**What you will do:** Exclude the pictures and set down, unaltered, the lines from the one that holds "Deze extra verlengde" through the end of the data.

**Data block:**

+---+

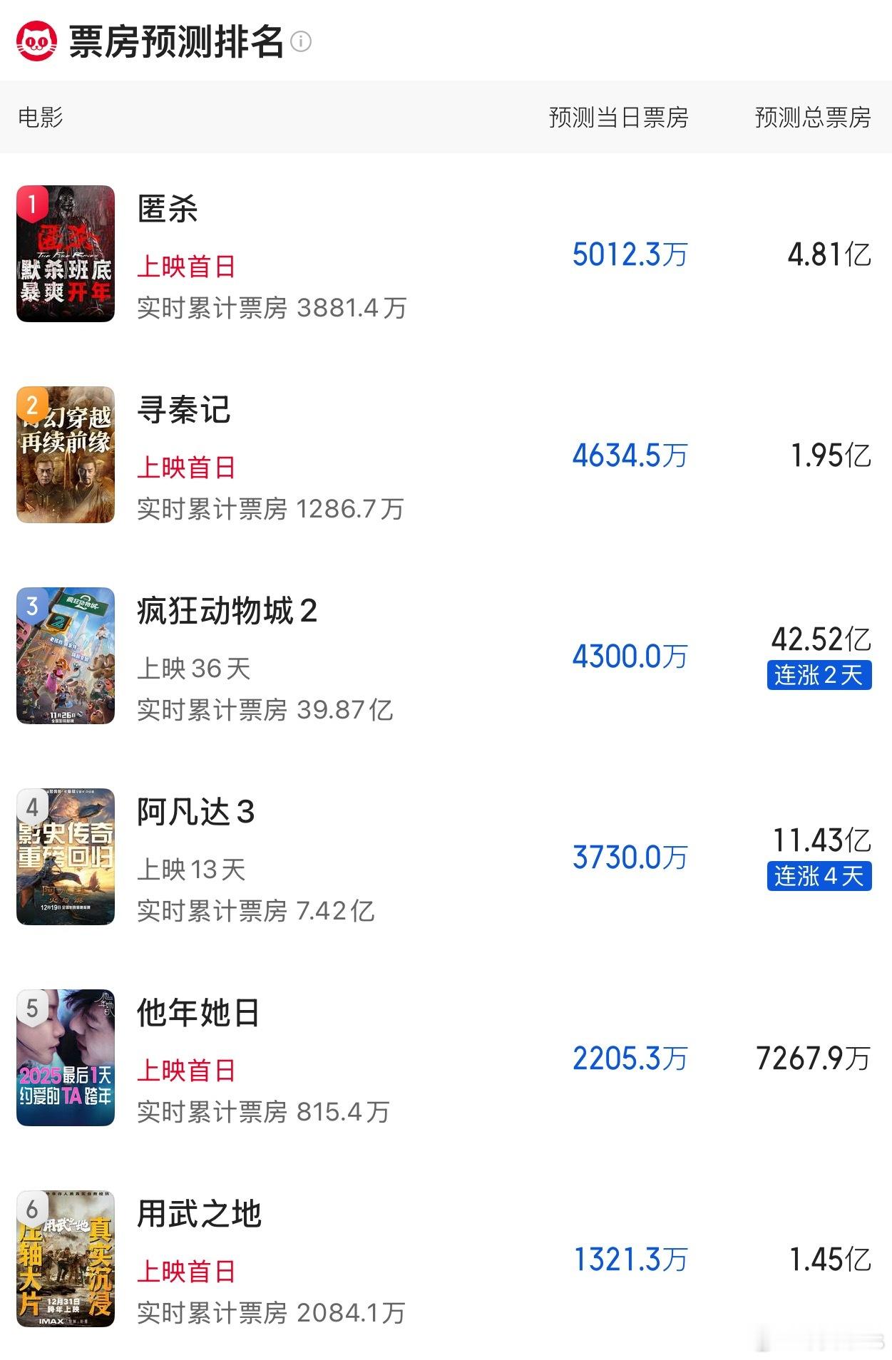 猫眼关于跨年档电影票房预测出炉《匿杀》4.81亿《寻秦记》1.95亿《他年她日》7267万《用武之地》1.45亿
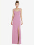 【NEW】【STYLE: 6852】ワイド ストラップ スラッシュ カットアウト 帝国 ドレス 前面 スリット【COLOR: Powder Pink】【SIZE: 00-30W】
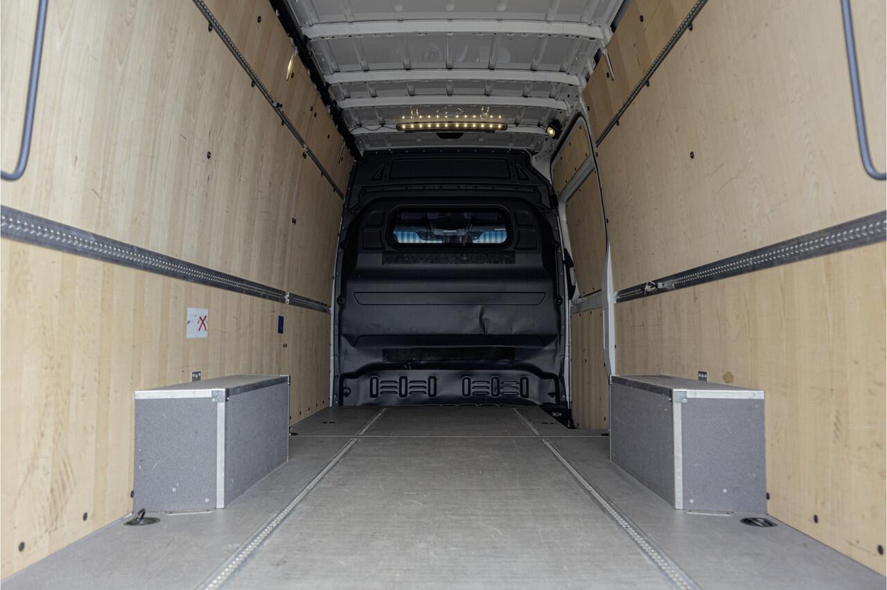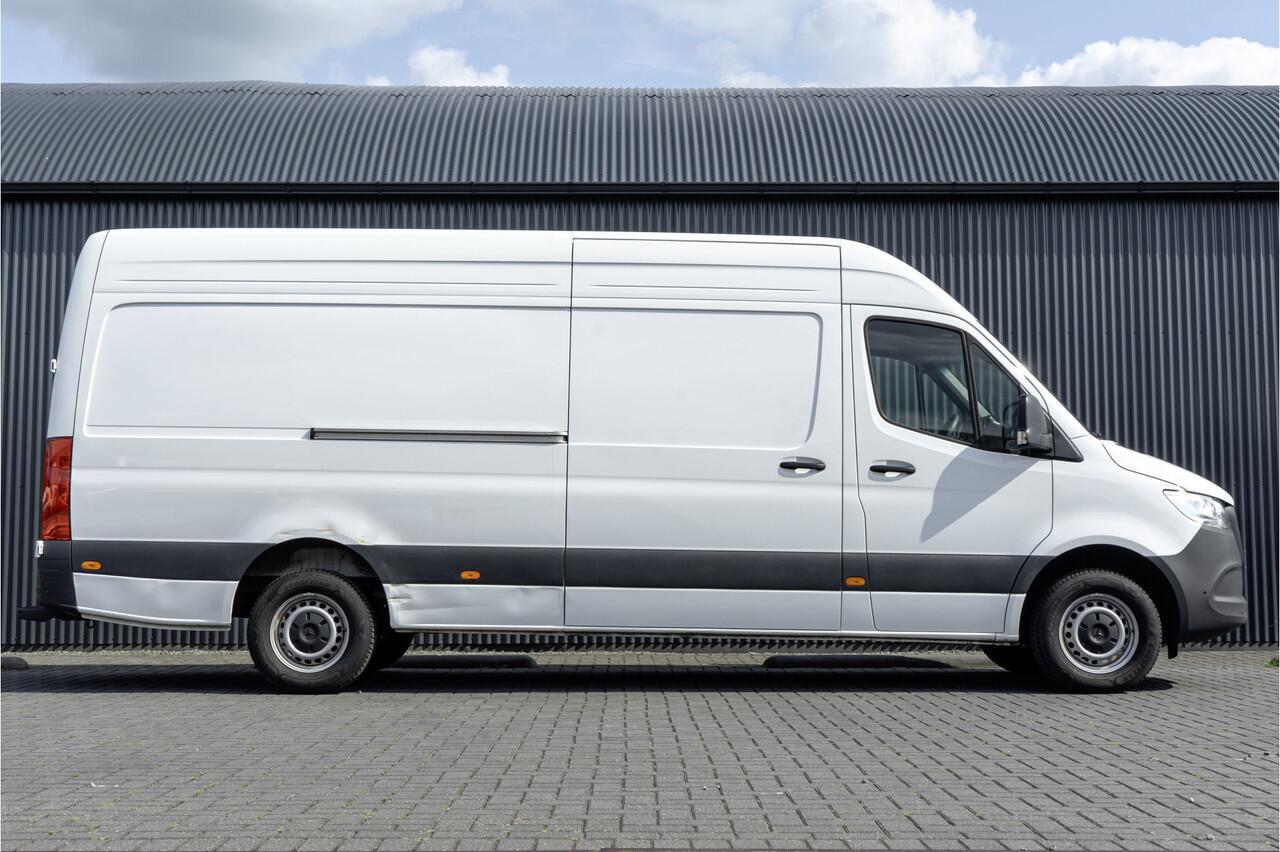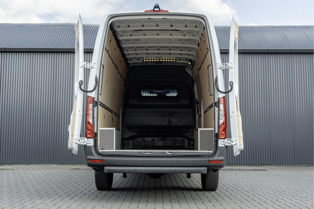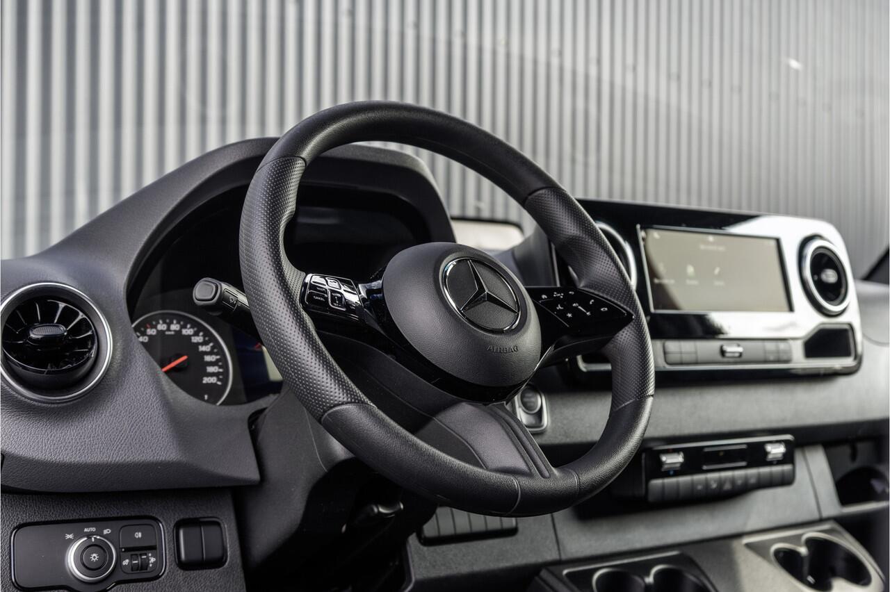 Deze extra verlengde en verhoogde Mercedes-Benz Sprinter Automaat heeft slechts 46.333 km gelopen. Het gaat hier om het nieuwe model vanaf 2024. Dit kan men o.a. zien aan het dashboard en het stuurwiel. Uitgerust met automaat met schakelflippers
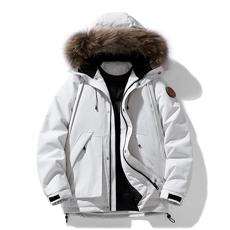 Chaqueta de Plumón de Pato para Hombre, Gruesa, con Capucha y Cuello de Piel Desmontable, Estilo Cargo

+---+

**Final answer:**
 Deze extra verlengde en verhoogde Mercedes-Benz Sprinter Automaat heeft slechts 46.333 km gelopen. Het gaat hier om het nieuwe model vanaf 2024. Dit kan men o.a. zien aan het dashboard en het stuurwiel. Uitgerust met automaat met schakelflippers
 Chaqueta de Plumón de Pato para Hombre, Gruesa, con Capucha y Cuello de Piel Desmontable, Estilo Cargo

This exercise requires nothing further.